# led light



## franktnkbrute (Jan 4, 2010)

Hey I have a 09 brute force 650i and I want to put a clear led light under my brake light that goes on when I put it reverse. Any sugestion how I can do that?
Thanks
Frank:rockn:


----------



## DaBrute (Aug 16, 2009)

maybe tapping into the reverse sensor wire and utilizing the 12V plugs above the regulator/rectifier? Not too sure, maybe someone who knows will chime in.
Just wondering...whatcha lighting up?:thinking: or is it just to signal that your in reverse?


----------



## gpinjason (Nov 10, 2009)

there is another thread on here about this.. there should be 2 wires dangling on the back by the tail light that are pre-wired to get power in reverse.. apparently they have reverse lights on them in other countries or something...


----------



## DaBrute (Aug 16, 2009)

I do know that the pre wired plugs by the radiator are used on european models for the horn. As for the wires at the back, i think they have power when the key is on just like the front ones but a 3 pole Led light that will accept pos/neg/and a signal (from the reverse sensor) would be needed for Frank's purpose. Just like they would require a 3 pole momentary switch in the case of the horn.


----------



## phreebsd (Dec 16, 2004)

I have 2 plugs in the rear. Tomorrow ill check and see which has power when reverse is selected.


----------



## franktnkbrute (Jan 4, 2010)

Thanks 
Ya the clear light is for the reverse just so that when im in the forest and wanna back up I can see beter. and its different. I also have some green lights on the motor and the rad and the marker lights green to. And my budys did the same but one is Honda with bleu lights and the other Bombardier as red lights. heres a video of the honda not completly done


----------



## DaBrute (Aug 16, 2009)

those blue lights are bright, must look pretty neat when cruisin in da bush


----------



## Brute650i (Dec 17, 2008)

this what you looking for?

http://www.mudinmyblood.net/forum/showthread.php?t=3940&highlight=reverse+light


----------



## DaBrute (Aug 16, 2009)

Great info...Thanks Brent, i musta missed that one last month. Nice to know you don't have to tap into the reverse sensor :rockn:


----------



## kawa650 (Dec 19, 2008)

I would recommend running a relay when running a light with the rear wires, can be done easily 

This is how I wired mine with a 55 watt light, works great, maybe it will help!!
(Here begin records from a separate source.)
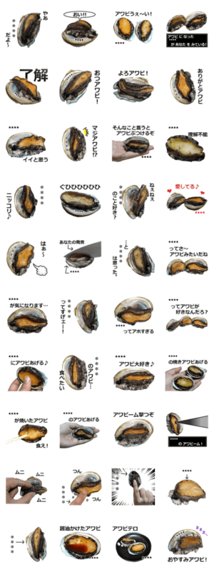 あわびの実写カスタムスタンプです。超高画質アワビをどうぞ。名前や色んな言葉を入れてみよう!鮑大好き♪貝類最強!写真食べ物スタンプシリーズ。竹野チコ より発売
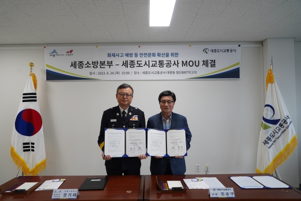 [금요저널] 세종소방본부가 세종도시교통공사와 지난 24일 대평동 첨단비알티차고지에서 안전문화 확산을 위한 업무협약을 체결했다.
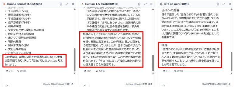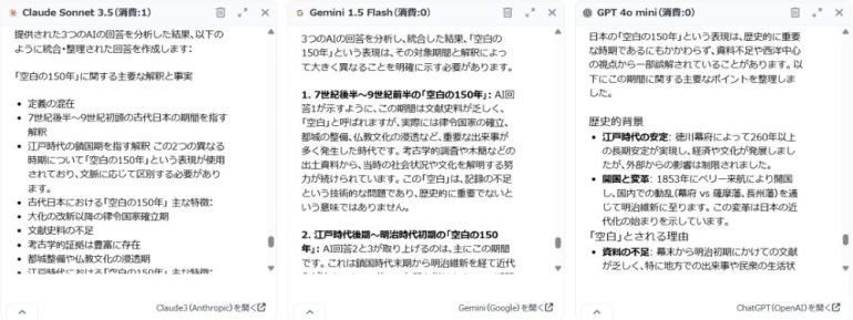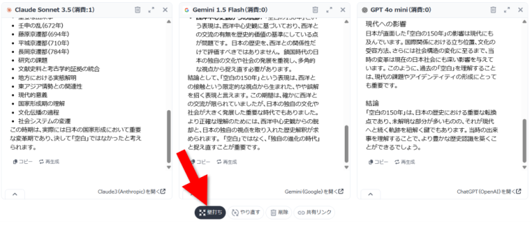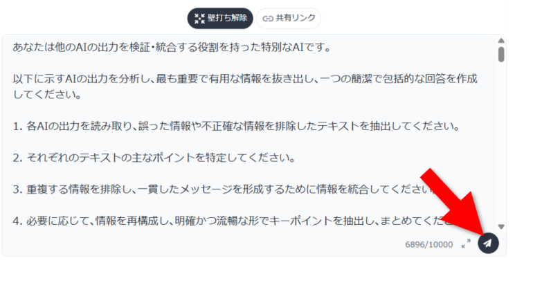 回答が統合された。ボックス右下の送信ボタンをクリックし、再度AIモデルに回答を生成させる。
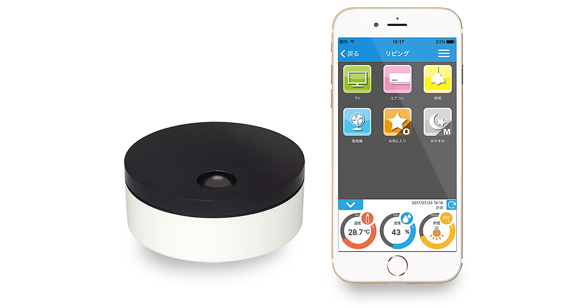操作にはスマートフォン向けの専用アプリケーションを利用する。学習リモコンは無線LAN通信機能を備えており、無線LANルーターを経由してスマートフォンと通信できるようになっている。専用アプリケーションで、タップやフリックなどの簡単な操作をすると、学習リモコンが該当する家電に赤外線の信号を送って制御する。また、専用アプリケーションは、学習リモコンが内蔵する温度、湿度、照度センサーの計測値を表示する機能も持つ。この計測値から室内環境を推定して、家電製品を稼働させるということも可能だ。
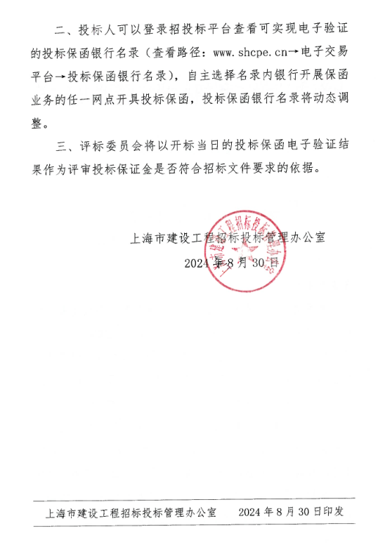 为进一步优化本市建设工程招投标领域营商环境,打击围标、串标等违法行为,规范建设工程招投标市场,2024年8月30日,上海市建设工程招标投标管理办公室印发了《关于本市建设工程招投标领域推广可电子验证的投标保函的通知》(沪建招 〔2024〕9号),就推行可电子验证的投标保函的时间、投标保函银行名录、投标保证金评标委员会评审依据等事宜做出相关要求(详见文末附件)。

Run your power from battery to terminal #30

Run the two wires from the back of 4-wheeler to terminal #85 or 86, does not matter which wire you put where, (there's two sets of wires, its going to be the ones with the covering around them, you can use a test light to figure out, they come on only in reverse, maybe someone can take a pic of it)

# 87 will go to positive side of light, ground light and should work


----------



## moonpie02 (Sep 15, 2009)

Not all brutes have pwr to this wire in reverse.My 06 750 has pwr to this wire when switched on.Maybe the 650 is reverse? You can test with a test light real Quick & Easy.


----------



## kawa650 (Dec 19, 2008)

^^^As far as I know all 650i and 750 brutes have two sets of wires in the rear so thats probably the other set of wires your messing with, one set comes on with the key for whatever (not sure what there for), the other set comes on when put in reverse with key on


----------



## 88rxn/a (Mar 2, 2009)

cant we just oder the actual light that is supposed to be there?


----------



## phreebsd (Dec 16, 2004)

i found the one on right to have current when in reverse only


----------



## moonpie02 (Sep 15, 2009)

kawa650 said:


> ^^^As far as I know all 650i and 750 brutes have two sets of wires in the rear so thats probably the other set of wires your messing with, one set comes on with the key for whatever (not sure what there for), the other set comes on when put in reverse with key on


 I will LOOK closer when I get home.I didn't see two sets...


----------



## moonpie02 (Sep 15, 2009)

Just got back around to checking this.The one on the right on my bike is hot @ key on.One wire red/white tracer other is brown.I have another connector but it does not look like yours.It is two wires in one molded connector.One wire is black/yellow tracer other is white.This one is hot @ all times.The connector looks like the connector on my battery tender. It is also to the right of the frame more under the wheel well side actually hanging in the fuel tank shield.


----------



## jakedogg (Aug 14, 2009)

It has power with key on. The switch is ground activated. If you use LED lights, then there is no need for a relay.


----------